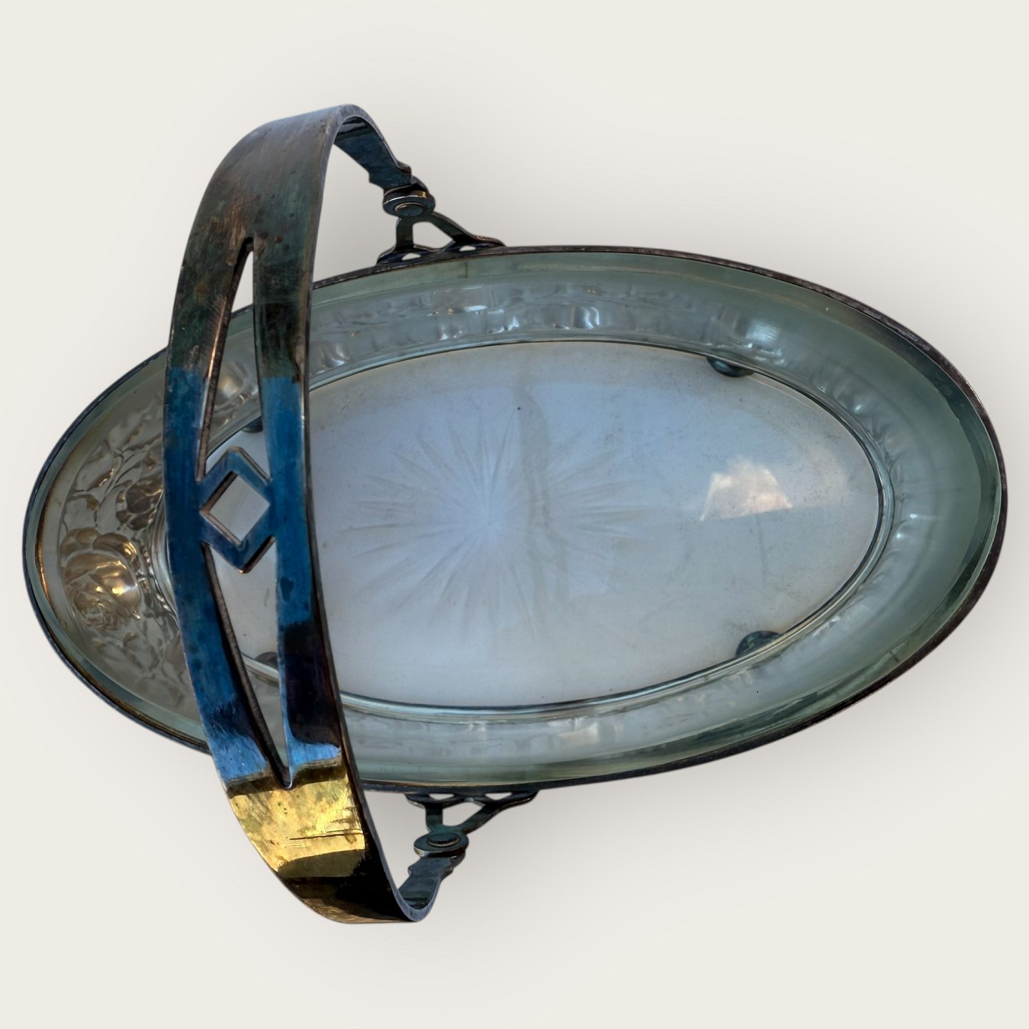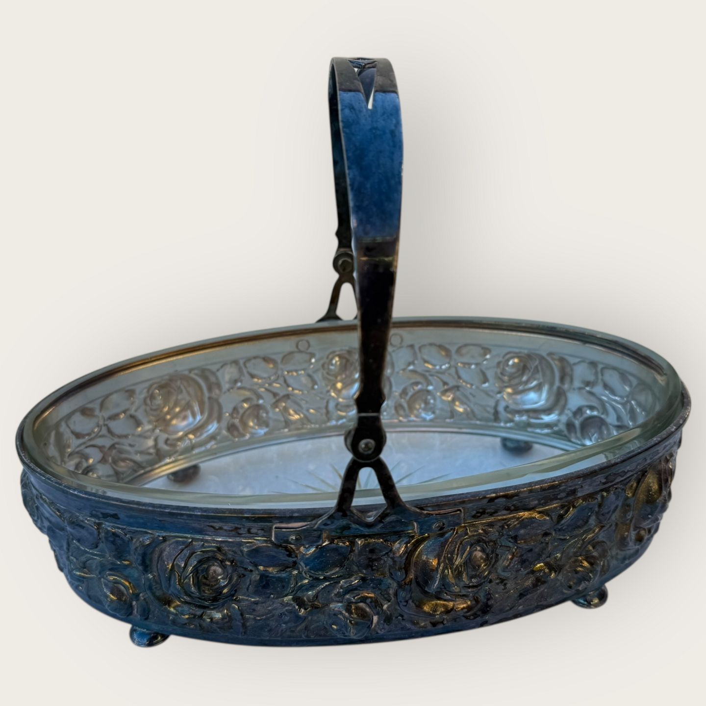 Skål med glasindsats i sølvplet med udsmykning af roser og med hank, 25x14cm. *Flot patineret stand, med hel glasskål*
* * *
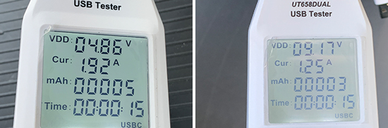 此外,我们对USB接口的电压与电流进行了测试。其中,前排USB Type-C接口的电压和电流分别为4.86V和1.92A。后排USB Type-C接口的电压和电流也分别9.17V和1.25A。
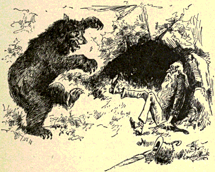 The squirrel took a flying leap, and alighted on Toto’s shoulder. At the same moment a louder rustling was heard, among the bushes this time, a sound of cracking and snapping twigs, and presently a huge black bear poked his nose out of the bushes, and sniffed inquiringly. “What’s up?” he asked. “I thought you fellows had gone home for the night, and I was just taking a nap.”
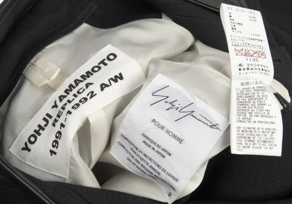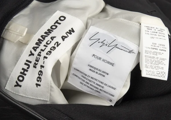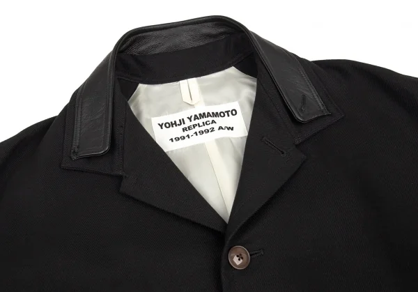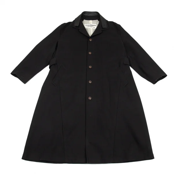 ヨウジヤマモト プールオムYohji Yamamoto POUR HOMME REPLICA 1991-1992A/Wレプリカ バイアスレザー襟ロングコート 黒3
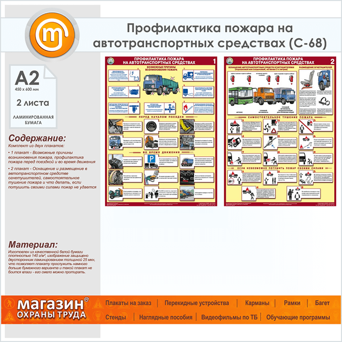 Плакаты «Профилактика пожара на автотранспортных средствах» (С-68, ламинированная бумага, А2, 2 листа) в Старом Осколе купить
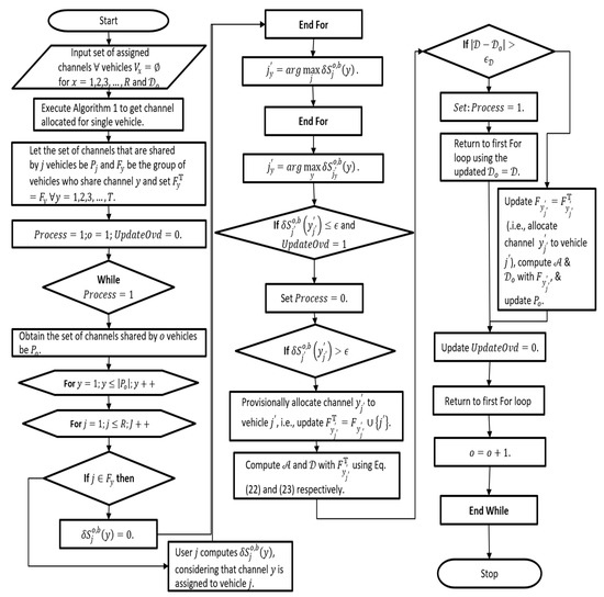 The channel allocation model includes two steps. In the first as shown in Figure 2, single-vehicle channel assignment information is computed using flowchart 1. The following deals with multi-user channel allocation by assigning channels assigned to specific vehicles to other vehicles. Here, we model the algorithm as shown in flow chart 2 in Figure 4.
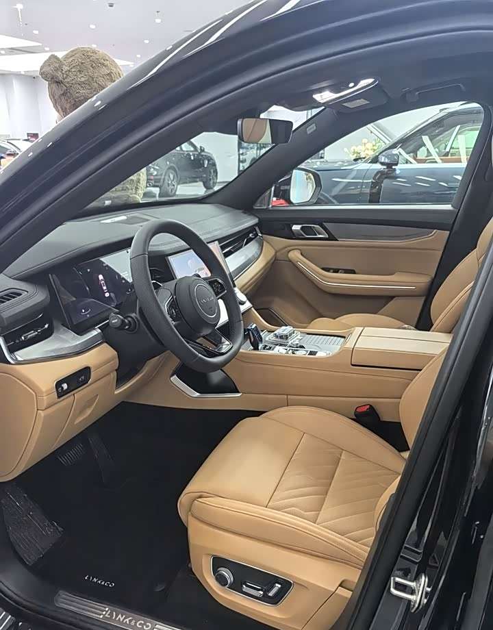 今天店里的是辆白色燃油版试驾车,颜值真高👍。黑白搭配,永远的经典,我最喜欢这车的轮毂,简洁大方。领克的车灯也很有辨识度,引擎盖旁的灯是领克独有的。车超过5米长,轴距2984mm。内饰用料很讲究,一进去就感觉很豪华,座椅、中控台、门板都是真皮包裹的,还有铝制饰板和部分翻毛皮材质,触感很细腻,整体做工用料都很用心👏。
...
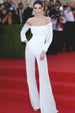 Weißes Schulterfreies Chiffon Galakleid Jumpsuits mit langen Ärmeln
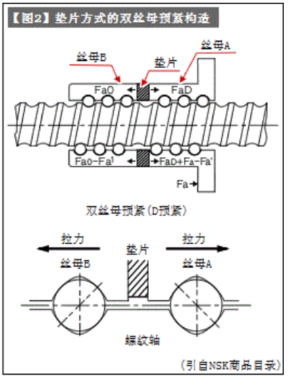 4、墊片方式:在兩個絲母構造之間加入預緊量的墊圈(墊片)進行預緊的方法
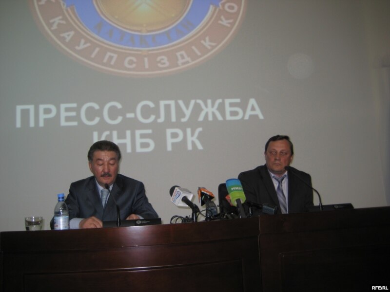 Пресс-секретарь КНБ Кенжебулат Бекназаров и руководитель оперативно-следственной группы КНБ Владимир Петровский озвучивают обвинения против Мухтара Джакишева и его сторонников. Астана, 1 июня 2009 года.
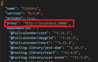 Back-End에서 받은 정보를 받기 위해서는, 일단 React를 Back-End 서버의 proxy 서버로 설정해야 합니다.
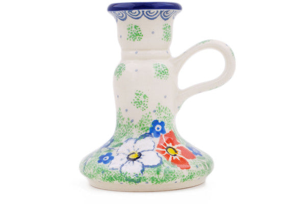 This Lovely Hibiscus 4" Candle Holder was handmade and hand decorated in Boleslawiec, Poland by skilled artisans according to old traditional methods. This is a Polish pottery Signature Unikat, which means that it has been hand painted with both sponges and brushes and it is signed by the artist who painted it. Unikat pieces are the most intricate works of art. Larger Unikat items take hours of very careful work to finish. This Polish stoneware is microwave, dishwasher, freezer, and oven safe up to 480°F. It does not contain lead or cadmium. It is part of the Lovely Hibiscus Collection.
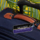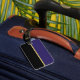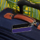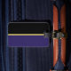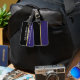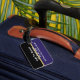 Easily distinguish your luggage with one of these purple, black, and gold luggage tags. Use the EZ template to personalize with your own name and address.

> **Instructions for the task**: When you reach the line with "Back-End에서 받은 정보를" in the records above, begin repeating the lines exactly, and stop after the line with "Easily distinguish your". Skip all pictures.

> **Your response**:
 Back-End에서 받은 정보를 받기 위해서는, 일단 React를 Back-End 서버의 proxy 서버로 설정해야 합니다.
 This Lovely Hibiscus 4" Candle Holder was handmade and hand decorated in Boleslawiec, Poland by skilled artisans according to old traditional methods. This is a Polish pottery Signature Unikat, which means that it has been hand painted with both sponges and brushes and it is signed by the artist who painted it. Unikat pieces are the most intricate works of art. Larger Unikat items take hours of very careful work to finish. This Polish stoneware is microwave, dishwasher, freezer, and oven safe up to 480°F. It does not contain lead or cadmium. It is part of the Lovely Hibiscus Collection.
 Easily distinguish your luggage with one of these purple, black, and gold luggage tags. Use the EZ template to personalize with your own name and address.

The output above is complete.